Annotation ©2004 Book News, Inc., Portland, OR (booknews.com)
In One with Nineveh, acclaimed writers Paul and Anne Ehrlich explore how overpopulation, overconsumption, and political and economic inequity are increasingly determining today's politics and shaping humankind's future. The authors demonstrate the ways these often-neglected factors influence each other, and reveal how we can begin to create a better and more lasting world if we take them seriously into account.

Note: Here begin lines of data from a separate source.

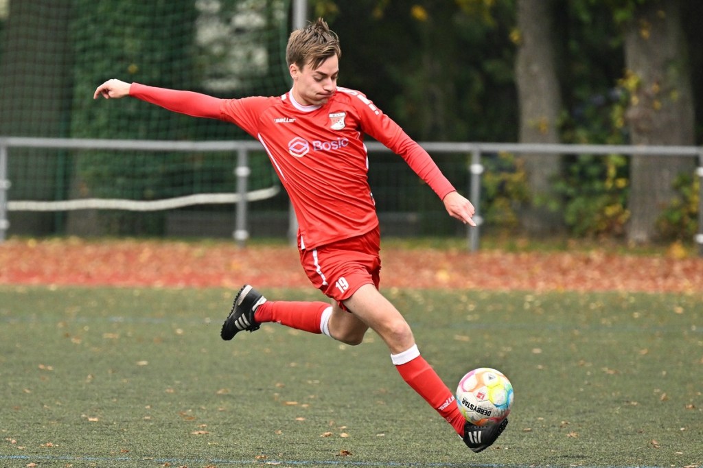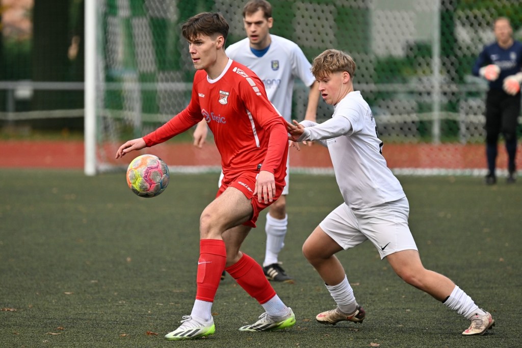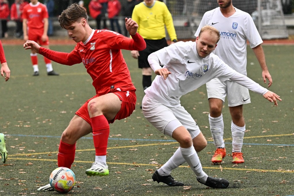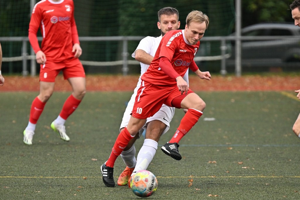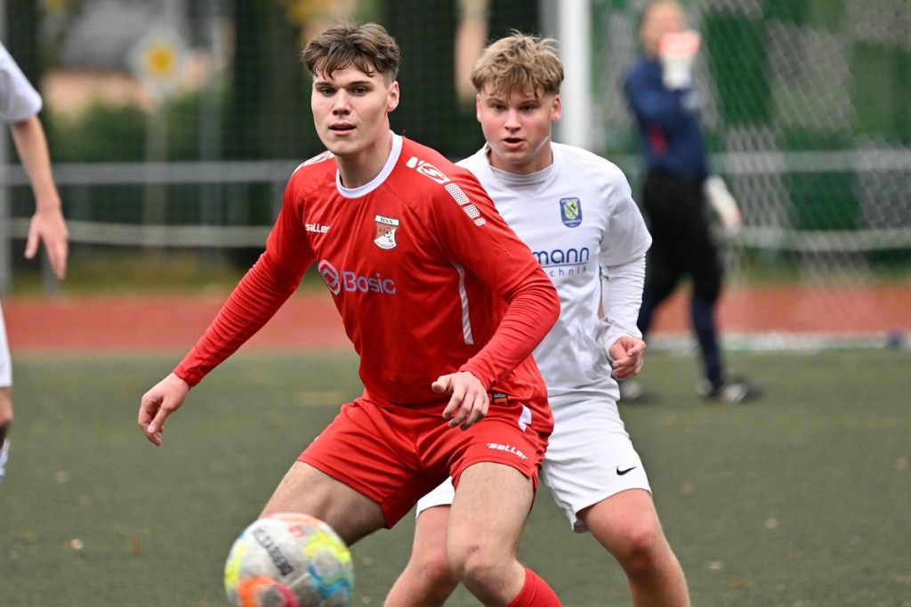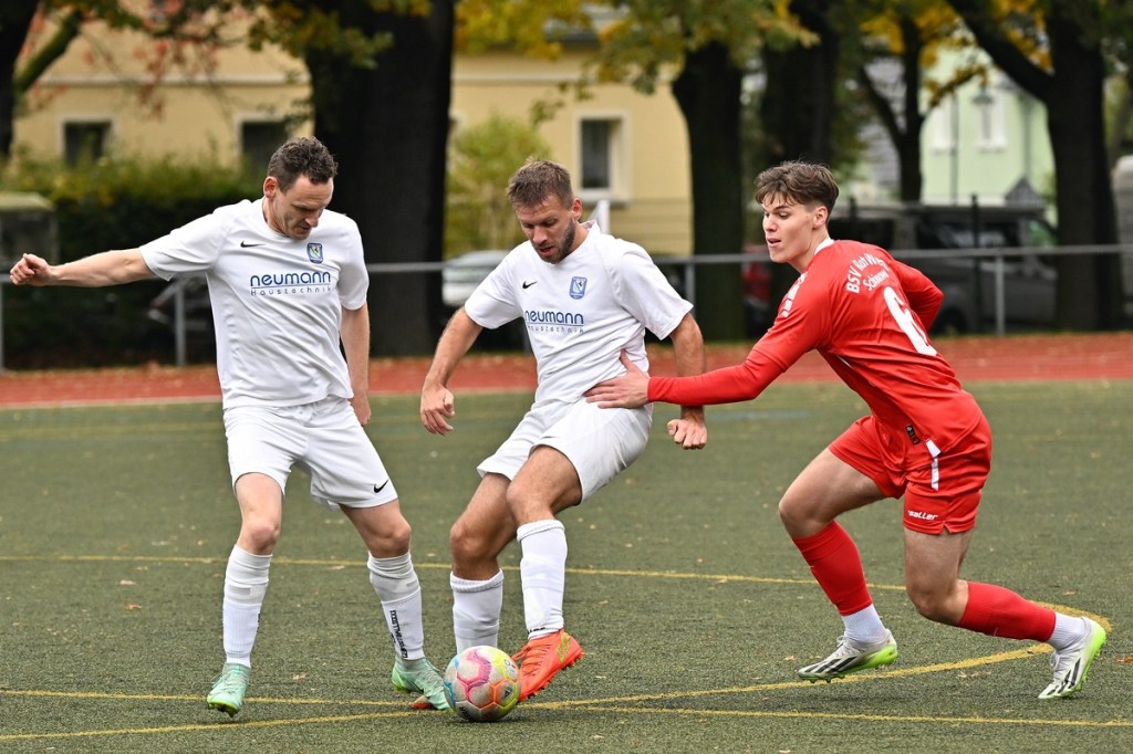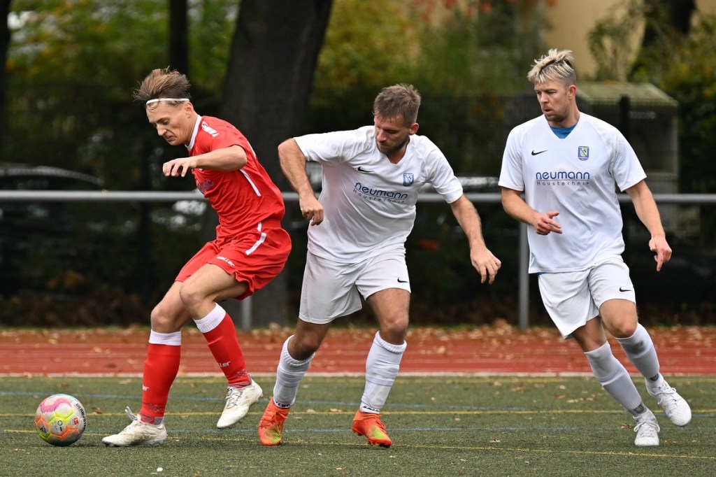 Von Beginn an wurde jeder Meter zwischen den Strafräumen bearbeitet und dies auch in positiver spielerischer Qualität. Gerade die ersten zehn Minuten war das Level auf Augenhöhe mit je einer Möglichkeit ein Rauchzeichen zu setzen. Erst war es der Schönower Youngster Iven Eckardt, der Gäste-Keeper Robin Joseph Reschke aus achtzehn Metern prüfte (3.). Auf der anderen Seite probierte es Paul Haase ebenfalls mit einem Schuss aus der zweiten Reihe, bei dem sich Johannes Weinrich als RW-Torhüter schon etwas mehr strecken musste (4.). Das 1:0, erzielt durch Maximilian Bachnick, untermauerte schon die nun vorherrschenden Machtverhältnisse. Leegebruch konnte einen Tempovorstoß der Hausherren nicht unterbinden, genau wie das Anspiel auf Bachnick, der sein Laufduell ungehindert gewann und souverän einnetzte (12.). Die Partie blieb intensiv, mit Vorteilen auf der Heimseite. Gerade im Gegenpressing und in den Zweikämpfen war Schönow oft doppelt unterwegs und dabei auch recht erfolgreich. Leegebruch war in der Offensive mit Diagonalpass-Versuchen unterwegs, welche doch recht einfach zu verteidigen waren. Die Möglichkeit durch Christoph Spitze, der an der Gästestrafraumkante den Ball mit dem Rücken zum Tor annahm und dann per Seitfallzieher aufs Tor brachte, war dann doch nur für die Galerie, weil schlussendlich die große Gefahr fehlte (18.). Genau in die Rot-Weiße Druckphase wurde das erste Geschenk an die Gäste verteilt. Stümperhaft wurde eine Abwehrsituation genau vor die Füße von Paul Haase geklärt, der die Bestrafung folgen ließ und aus zehn Metern unhaltbar ins Netz traf (23.). Das Spiel fesselte weiterhin, obwohl in den Strafräumen nicht allzu viel passierte. Als dann Schönows Nico Brauer in der 32. Minute Bennet Müller an der Außenlinie im Niemandsland abräumte, weil er einfach zu spät kam, wurde es das erste Mal emotional etwas knackiger. Schiedsrichter Christopher Witte bestrafte die Aktion nachvollziehbar mit dem gelben Karton und setzte verbal noch ein Zeichen an den Täter, knapp am Platzverweis vorbeigeschrammt zu sein. Für Bennet Müller ging es nicht mehr weiter, für ihn kam Mats Wenzke. Ein Konter der Hausherren und ein Dribbling von Iven Eckardt, der einige seiner Gegenspieler schlecht aussehen ließ, endete mit einem Zufall bringen im Gästestrafraum und der Referee-Entscheidung einen Strafstoß zu verhängen. „Für mich war das kein Elfer“, hatte Gäste-Coach Kevin Schulz den Situationsbeschluss moniert und dabei schon etwas frustriert gewirkt. Nico Brauer, der im Übrigen wegen seiner Platzverweisgefahr in der 41. Minute ausgetauscht wurde, übernahm die Verantwortung und ließ Reschke mit sehr platziertem Einschlag keine Abwehrchance (36.). Einhundertachtzig Sekunden später riss das lapidare Abwehrverhaltensmuster der Hausherren das gerade aufgebaute stabile Kartenhaus wieder ein. Es war im Endeffekt eine Blaupause des ersten Gegentreffers, bei der Paul Haase wiederholt zum Nutznießer wurde und frei einschießen konnte. Praktisch mit dem Halbzeitpfiff lag die erneute Führung der Hausherren in der Luft. Ein Diagonalpass aus dem Lehrbruch auf den eingelaufenen Iven Eckardt wurde zur hochprozentigen Möglichkeit. Doch Eckardts Stirn setzte den Ball knapp neben den Kasten, was dem Unterfangen schon ein wenig Kläglichkeit einhauchte.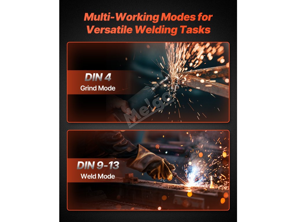 Tato svářečská přilba je vybavena nastavitelnými úrovněmi odstínu DIN - DIN 4 (režim broušení) a DIN 9-13 (režim svařování) - a umožňuje snadné přepínání režimů pro různé úkoly, což zvyšuje efektivitu a bezpečnost práce.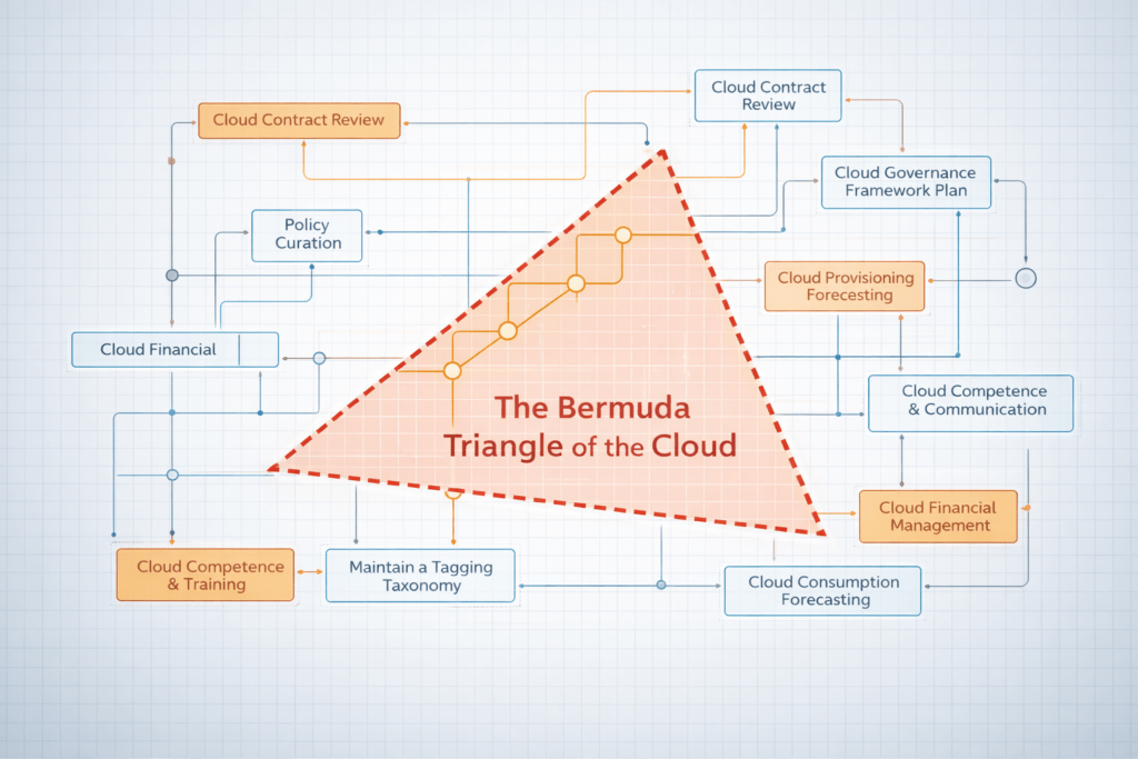 Most cloud management programmes fail not because the individual processes are wrong, but because nobody mapped how they connect. If you ever wondered why report data is incomplete, or optimisation opportunities seem to ‘fall into a black hole’, the lack of connection between processes is the reason why!

Named a Notable Book for 2005 by the American Library Association, One with Nineveh is a fresh synthesis of the major issues of our time, now brought up to date with an afterword for the paperback edition. Through lucid explanations, telling anecdotes, and incisive analysis, the book spotlights the three elephants in our global living room-rising consumption, still-growing world population, and unchecked political and economic inequity-that together are increasingly shaping today's politics and humankind's future. One with Nineveh brilliantly puts today's political and environmental debates in a larger context and offers some bold proposals for improving our future prospect.
About the Author
Paul R. Ehrlich is Bing Professor of Population Studies and Professor of Biological Sciences at Stanford University. The author of The Population Bomb, Human Natures, and many other books, Ehrlich is a member of the National Academy of Sciences and a recipient of the Crafoord Prize (an explicit substitute for the Nobel Prize in fields of science in which the latter is not given).
Anne E. Ehrlich is affiliated with Stanford's Department of Biological Sciences and Center for Conservation Biology. She has served on the board of the Sierra Club and other conservation organizations, has coauthored ten books with her husband, and is a recipient of the Tyler Prize for Environmental Achievement.